The treatment of hypocalcemia depends on its severity and the underlying cause. The severity of symptoms (paresthesia’s, carpopedal spasm, tetany, seizures) and signs (Chvostek's or Trousseau's signs, bradycardia, impaired cardiac contractility, and prolongation of the QT interval) depends upon the absolute level of calcium, as well as the rate of decrease [22]. Maternal treatment includes calcitriol dihydrotachysterol or large vitamin D doses of 50,000 to 150,000u/d; calcium gluconate or calcium lactate in doses of 3 to 5g/day, and a low phosphate diet. The goal during pregnancy is to maintain a corrected level in the low normal range [23].

If there are symptoms of prolonged QT interval due to hypocalcemia, recommended treatment is intravenous 10 % calcium (1 or 2 g of calcium gluconate equivalent to 90 or 180 mg elemental calcium, in 50 mL of 5 % dextrose or normal saline) run over 10 to 20 minutes [24]. Calcium should be continued until the patient can receive an effective regimen of oral calcium and vitamin D. For patients with hypoparathyroidism, calcitriol (in a dose of 0.25 to 0.5 mcg twice daily) and oral calcium (1 to 4 g of elemental calcium carbonate daily in divided doses) should be initiated as soon as possible [24].

Our patients had also hypomagnesemia; it is as such recommended to correct hypomagnesemia. This will make correction of hypocalcemiaeasier if the hypocalcemia is magnesium related [25]. Therefore, if the serum magnesium concentration is low,   2   g   (16   mEq) of magnesium sulfate should be infused as a 10 % solution over 10 to 20 minutes, followed by 1 gram (8 mEq) in 100 mL of fluid per hour [26]. Magnesium repletion should be continued as long as the serum magnesium concentration is less than 0.8 mEq/L (1 mg/dL or 0.4 mmol/L). Care must be taken for those patients with renal insufficiency. Our patient had features of impaired renal function as serum creatinine was elevated which could be contributed to low calcium. She received calcium gluconate as well as magnesium sulfate, and serial monitoring of renal function and levels of serum magnesium and calcium. She improved after a period of 10 days of treatment and was discharged home with an appointment of weekly attendance to antenatal clinic.

As a culture of most of women in our setting, when a pregnant woman reaches near term would like to move to mother-in-law or her mother so as to be taken care during those last week’s/days of pregnancy and delivery. However, during follow-up via phone she reported to have given birth to a baby boy 3.2kg 2-months after hospital discharge. There were no complications, and they are all doing well.

Conclusion
Hypocalcemia is under-reported and presentation of hypocalcemia may be confused with other cause of tetanic muscle cramps such as eclampsia, epilepsy, and tetanus. This is contributed by low and poor diet in calcium levels and increased demand during pregnancy as pregnancy advances.
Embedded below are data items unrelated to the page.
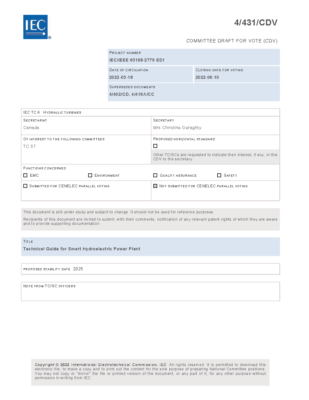 IEC/IEEE International Technical Guidelines for Smart Hydroelectric Power Plant
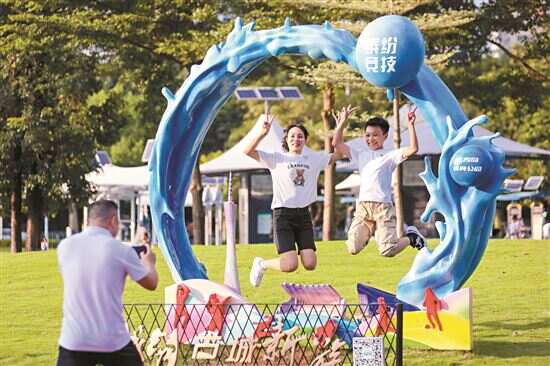 国庆假期,天气晴朗,不少市民到广州二沙岛游玩。
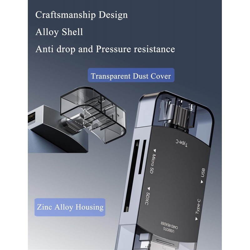 【Four Interfaces Run Simultaneously】This micro sd card reader with 4 ports, SD card solt, TF card solt, USB A interface and Type-C interface. Four ports can be run simultaneously. For example, you can read and run SD cards, TF cards, USB flash disk and Type-C interface portable hard drive simultaneously. This means you can transfer data and expand your computer's capabilities without having to switch between different adapters or cables.

It is important to emphasize the need for balanced diet during pregnancy and routinely micronutrients supplementation during ANC. This remains vital to the metabolic needs of the pregnant woman and her baby during antenatal period.

Patient’s perspective: The care provided was timely with full explanation of the diagnosis and prognosis was explained to the patient and plan of follow up made.
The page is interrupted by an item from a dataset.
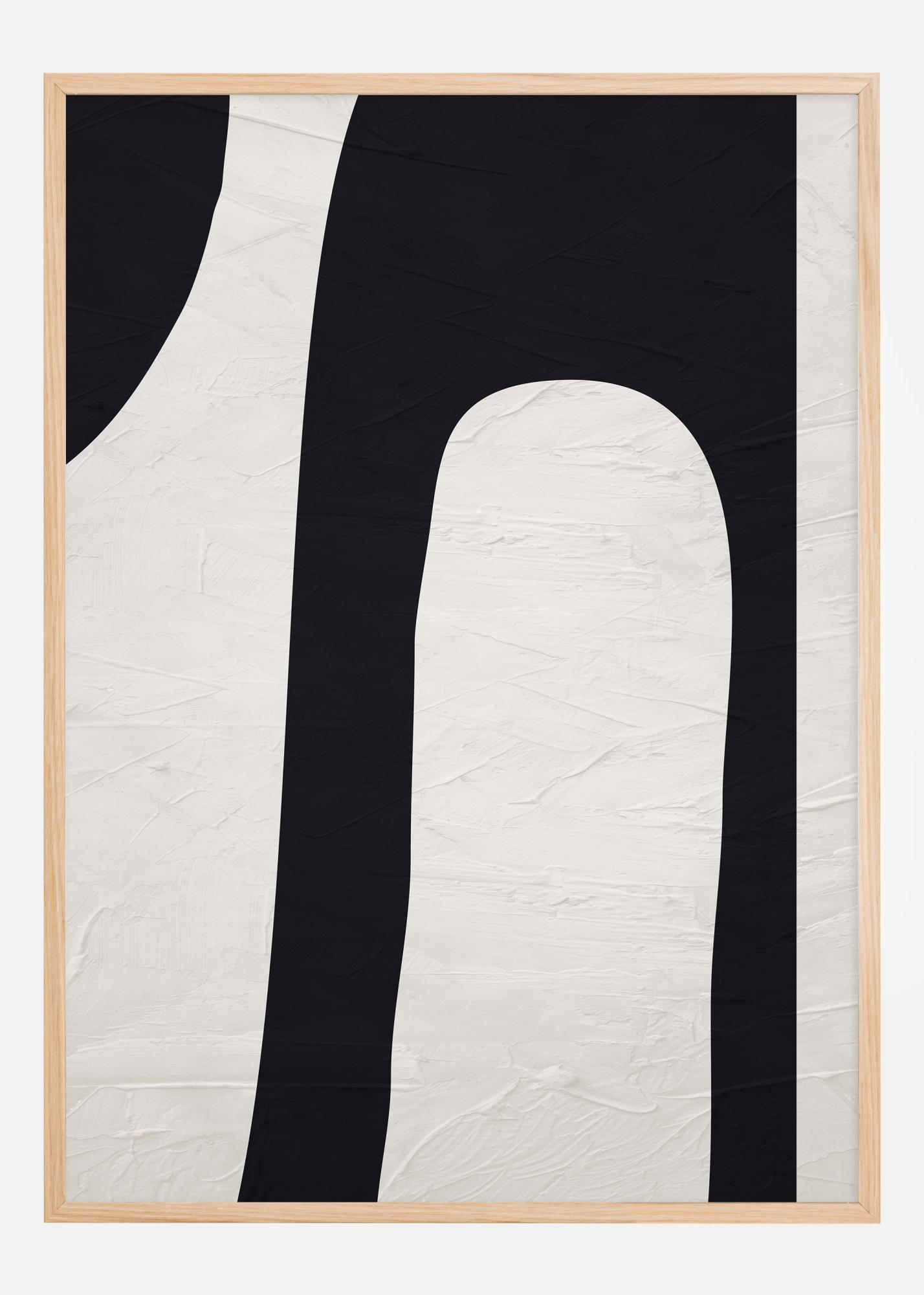 Šis meninis plakatas pristato žaidimą su abstrakčiomis juodomis linijomis prieš kreminį baltą foną, sukuriant stiprų ir vizualiai stimuliuojantį kontrastą. Dizainas žaidžia su erdve ir perspektyva, naudodamas juodų linijų formą, siekdamas užsiminti apie dimensiją ir gylį. Tai minimalistinis, bet galingas vaizdas, balansuojantis tarp moderniojo meno ir grafinio dizaino.

Acknowledgement: We acknowledge the support of Obstetrics and Gynecological department and Department of internal medicine that was consulted during the management of this patient.

Authors’ contribution: MN and FM played equal roles in the preparation of this case report and management of the patient. The other co-authors contributed to the management of the patient and writing of the case report. All authors read and approved the final manuscript.

Funding: The family member of the patient covered the cost of care offered to this patient and cost to prepare and publish this manuscript was covered by authors.